**Information given**
■ ■ ■ ■ ■ ■ ■
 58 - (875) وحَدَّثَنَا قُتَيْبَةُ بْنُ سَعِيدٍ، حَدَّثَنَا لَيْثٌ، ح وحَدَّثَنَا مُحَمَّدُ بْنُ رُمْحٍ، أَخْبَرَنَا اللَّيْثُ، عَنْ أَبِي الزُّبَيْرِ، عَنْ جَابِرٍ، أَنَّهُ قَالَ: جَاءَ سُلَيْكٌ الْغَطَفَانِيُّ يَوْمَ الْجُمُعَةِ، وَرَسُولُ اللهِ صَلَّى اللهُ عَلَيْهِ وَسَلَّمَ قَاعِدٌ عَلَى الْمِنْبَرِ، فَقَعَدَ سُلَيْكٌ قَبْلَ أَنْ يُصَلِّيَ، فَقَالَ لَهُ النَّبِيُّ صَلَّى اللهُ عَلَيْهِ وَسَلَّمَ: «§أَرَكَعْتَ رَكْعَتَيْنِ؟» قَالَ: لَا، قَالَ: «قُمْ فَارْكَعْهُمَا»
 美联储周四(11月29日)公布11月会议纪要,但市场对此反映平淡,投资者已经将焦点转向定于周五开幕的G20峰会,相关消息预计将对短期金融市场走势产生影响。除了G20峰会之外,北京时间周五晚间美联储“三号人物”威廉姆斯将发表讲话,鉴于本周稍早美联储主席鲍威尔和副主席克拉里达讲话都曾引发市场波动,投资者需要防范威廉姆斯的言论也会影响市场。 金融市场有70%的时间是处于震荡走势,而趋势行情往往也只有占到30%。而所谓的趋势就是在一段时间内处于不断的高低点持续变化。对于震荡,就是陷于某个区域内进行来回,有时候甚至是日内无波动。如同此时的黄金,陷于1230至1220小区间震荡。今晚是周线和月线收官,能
■ ■ ■ ■ ■ ■ ■
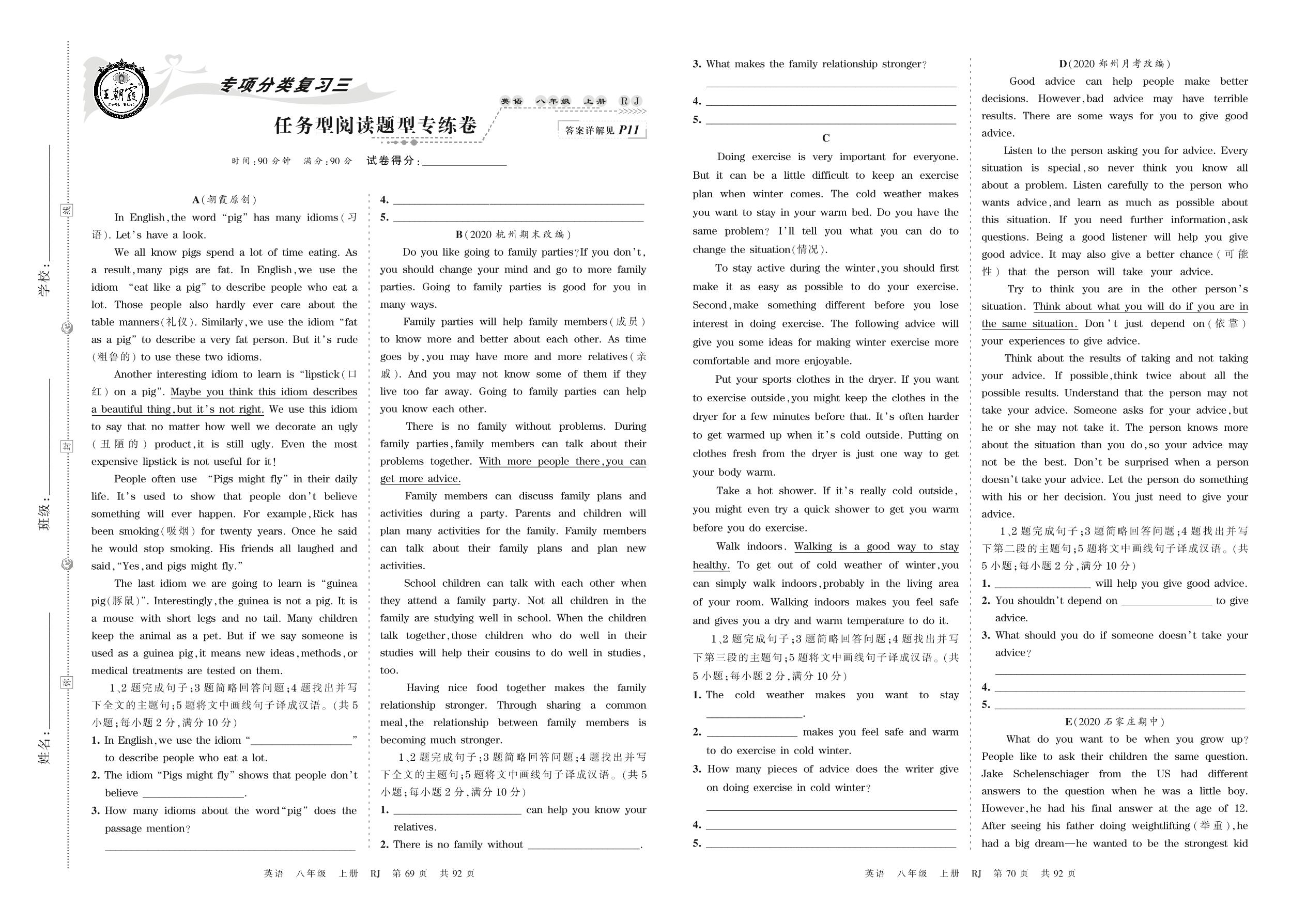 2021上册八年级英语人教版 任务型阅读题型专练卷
■ ■ ■ ■ ■ ■ ■
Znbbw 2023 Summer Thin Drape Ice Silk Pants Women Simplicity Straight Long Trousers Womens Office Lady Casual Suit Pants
■ ■ ■ ■ ■ ■ ■
Your answer should consist only of the lines above between the line holding "58 - (875) وحَدَّثَنَا" and the line holding "美联储周四(11月29日)公", inclusive, each transcribed exactly.

**Output of the task**
 58 - (875) وحَدَّثَنَا قُتَيْبَةُ بْنُ سَعِيدٍ، حَدَّثَنَا لَيْثٌ، ح وحَدَّثَنَا مُحَمَّدُ بْنُ رُمْحٍ، أَخْبَرَنَا اللَّيْثُ، عَنْ أَبِي الزُّبَيْرِ، عَنْ جَابِرٍ، أَنَّهُ قَالَ: جَاءَ سُلَيْكٌ الْغَطَفَانِيُّ يَوْمَ الْجُمُعَةِ، وَرَسُولُ اللهِ صَلَّى اللهُ عَلَيْهِ وَسَلَّمَ قَاعِدٌ عَلَى الْمِنْبَرِ، فَقَعَدَ سُلَيْكٌ قَبْلَ أَنْ يُصَلِّيَ، فَقَالَ لَهُ النَّبِيُّ صَلَّى اللهُ عَلَيْهِ وَسَلَّمَ: «§أَرَكَعْتَ رَكْعَتَيْنِ؟» قَالَ: لَا، قَالَ: «قُمْ فَارْكَعْهُمَا»
 美联储周四(11月29日)公布11月会议纪要,但市场对此反映平淡,投资者已经将焦点转向定于周五开幕的G20峰会,相关消息预计将对短期金融市场走势产生影响。除了G20峰会之外,北京时间周五晚间美联储“三号人物”威廉姆斯将发表讲话,鉴于本周稍早美联储主席鲍威尔和副主席克拉里达讲话都曾引发市场波动,投资者需要防范威廉姆斯的言论也会影响市场。 金融市场有70%的时间是处于震荡走势,而趋势行情往往也只有占到30%。而所谓的趋势就是在一段时间内处于不断的高低点持续变化。对于震荡,就是陷于某个区域内进行来回,有时候甚至是日内无波动。如同此时的黄金,陷于1230至1220小区间震荡。今晚是周线和月线收官,能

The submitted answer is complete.